April 27 (Bloomberg) -- The pound rose for a 10th day against the dollar, the longest winning streak since June 1992, as investors sought the relative safety of U.K. currency after Standard & Poor’s cut Spain’s credit rating.
Sterling climbed to the strongest in almost 22 months against the euro as signs the region’s debt crisis is worsening damped demand for European assets. The Bank of Japan today expanded its asset-purchase program, while the U.S. and Swiss central banks have also signaled they are prepared to take further stimulus measures. Gilts fell as the U.K. auctioned 3 billion pounds ($4.87 billion) of bills.
The pound is being favored because the central banks of Japan, Switzerland and the U.S. are “chasing away inflows into their currencies,” said Jane Foley, a senior currency strategist at Rabobank International. “There are clearly still tensions in the euro zone, with the overnight S&P downgrade.”

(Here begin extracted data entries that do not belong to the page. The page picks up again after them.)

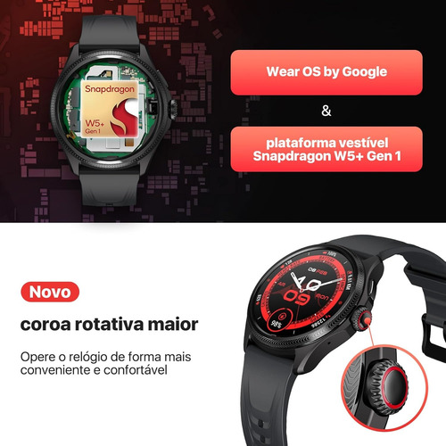 Processador de Última Geração: Equipado com a Plataforma Snapdragon W5+ Gen 1 Wearable, o TicWatch Pro 5 Enduro oferece um desempenho ultrarrápido e eficiente, garantindo fluidez em todas as suas tarefas.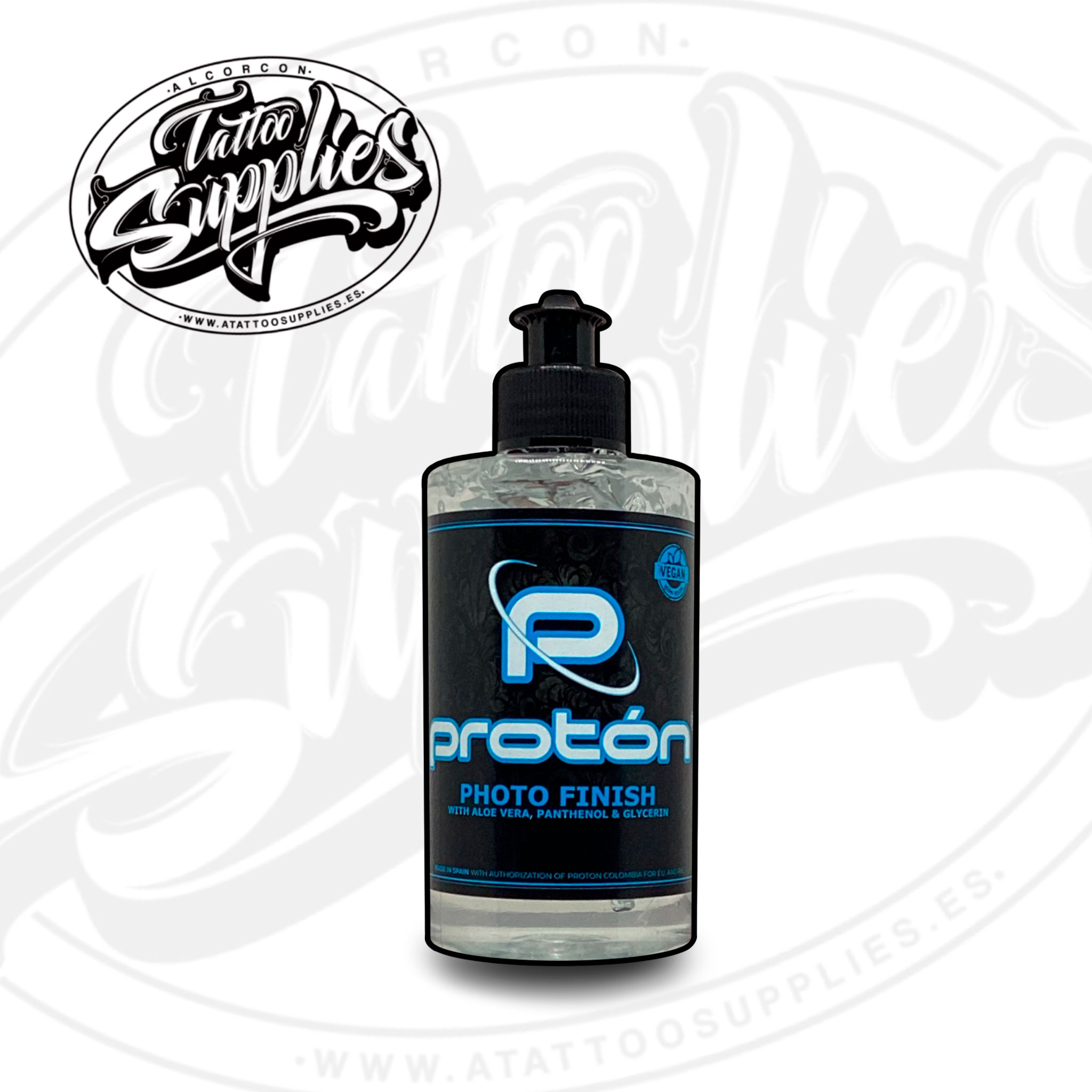 Photo Finish Proton es la formula original y creada por Proton, con Aloe Vera, Glicerina y Pantenol, que aplicándolo al terminar el tatuaje, reduce el sangrado, baja la rojez y permite unas fotos excepcionales.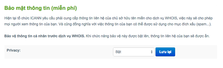Mặc định, thông tin whois như Tên, Địa chỉ liên hệ, địa chỉ email.v.v của chủ sở hữu tên miền sẽ được công khai trên các hệ thống Whois. Privacy protection là tính năng giúp bạn ẩn thông tin Whois mình, giúp bảo mật tên miền và ngăn chặn spam.

The U.K. currency rose 0.3 percent to $1.6240 at 4:54 p.m. London time after climbing to $1.6258, the highest since Sept. 1. The pound appreciated 0.1 percent to 81.59 pence per euro. It reached 81.34 pence, the strongest since June 2010.
S&P lowered Spain’s long-term credit rating by two steps yesterday to BBB+ from A, with a negative outlook. The downgrade increased concern the debt crisis is spreading to the region’s larger economies, even after more than $1 trillion of European Central Bank liquidity and two Greek bailouts.
Sterling has appreciated 1.6 percent in the past month, the second-best performer after the yen of the 10 developed-nation currencies tracked by Bloomberg Correlation-Weighted Indexes. The dollar fell 0.4 percent, and the franc declined 0.6 percent.
Swiss policy makers are ready to take further measures to weaken the currency, central bank President Thomas Jordan said today in Bern. The Federal Reserve is “prepared to do more” to ensure the recovery, Chairman Ben S. Bernanke said April 25.
“You can look at sterling fundamentals and say they’re not great, but maybe I have to buy some because there’s a lack of choice,” Foley said.
The pound is testing above its October high versus the dollar and may face resistance at its Aug. 19 peak of $1.6618, according to data compiled by Bloomberg.
The 10-year gilt yield climbed three basis points, or 0.03 percentage point, to 2.13 percent. The 4 percent bond due in March 2022 dropped 0.28, or 2.80 pounds per 1,000-pound face amount, to 116.57.
The U.K. sold 28-day bills today at a yield of 0.3761 percent, 91-day securities at 0.403 percent, and 182-day bills at 0.4374 percent.
The Debt Management Office plans to auction as much as 3.75 billion pounds of March 2019 bonds on May 1 and inflation-linked securities due March 2034 on May 3. It will sell as much as 3 billion pounds of bills on May 4.
Gilts have handed investors a loss of 1 percent this year, according to indexes compiled by Bloomberg and the European Federation of Financial Analysts Societies. U.S. Treasuries rose 0.1 percent, and German bunds gained 1.2 percent.